What the exercise asks - Repeat the listing below in full and exactly. Pictures are to be omitted.

Provided material -
Segment Open

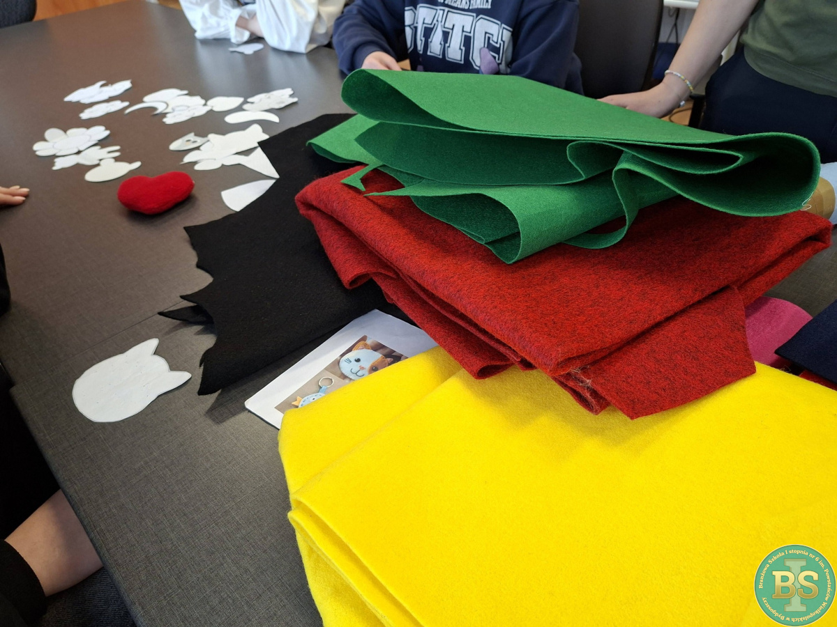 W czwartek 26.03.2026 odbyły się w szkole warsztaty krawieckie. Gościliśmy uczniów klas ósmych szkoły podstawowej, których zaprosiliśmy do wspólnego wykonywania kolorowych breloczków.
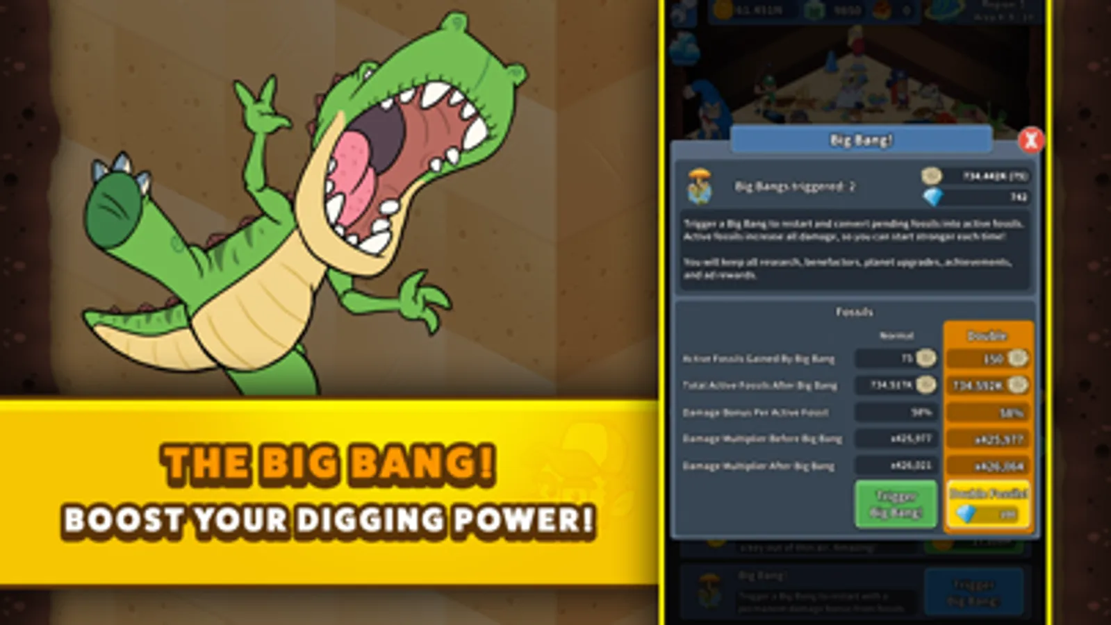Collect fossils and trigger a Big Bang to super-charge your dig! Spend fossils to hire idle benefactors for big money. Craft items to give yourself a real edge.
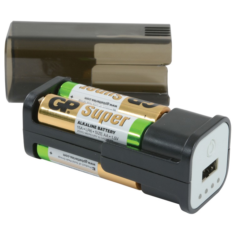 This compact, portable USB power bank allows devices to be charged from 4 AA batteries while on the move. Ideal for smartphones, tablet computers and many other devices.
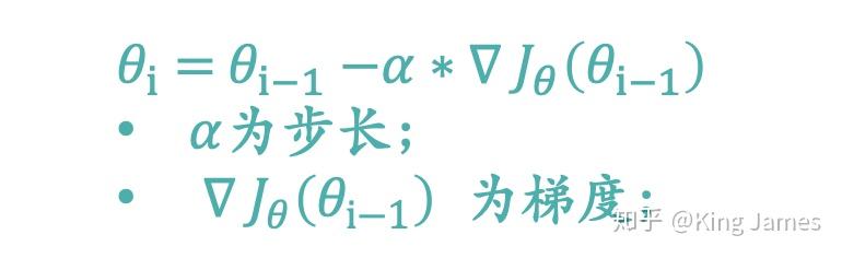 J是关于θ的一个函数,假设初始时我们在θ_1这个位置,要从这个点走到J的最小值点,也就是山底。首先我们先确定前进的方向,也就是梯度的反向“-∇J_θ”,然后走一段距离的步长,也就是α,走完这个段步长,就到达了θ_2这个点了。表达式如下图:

Segment Closed

Answer section -
 W czwartek 26.03.2026 odbyły się w szkole warsztaty krawieckie. Gościliśmy uczniów klas ósmych szkoły podstawowej, których zaprosiliśmy do wspólnego wykonywania kolorowych breloczków.
Collect fossils and trigger a Big Bang to super-charge your dig! Spend fossils to hire idle benefactors for big money. Craft items to give yourself a real edge.
 This compact, portable USB power bank allows devices to be charged from 4 AA batteries while on the move. Ideal for smartphones, tablet computers and many other devices.
 J是关于θ的一个函数,假设初始时我们在θ_1这个位置,要从这个点走到J的最小值点,也就是山底。首先我们先确定前进的方向,也就是梯度的反向“-∇J_θ”,然后走一段距离的步长,也就是α,走完这个段步长,就到达了θ_2这个点了。表达式如下图:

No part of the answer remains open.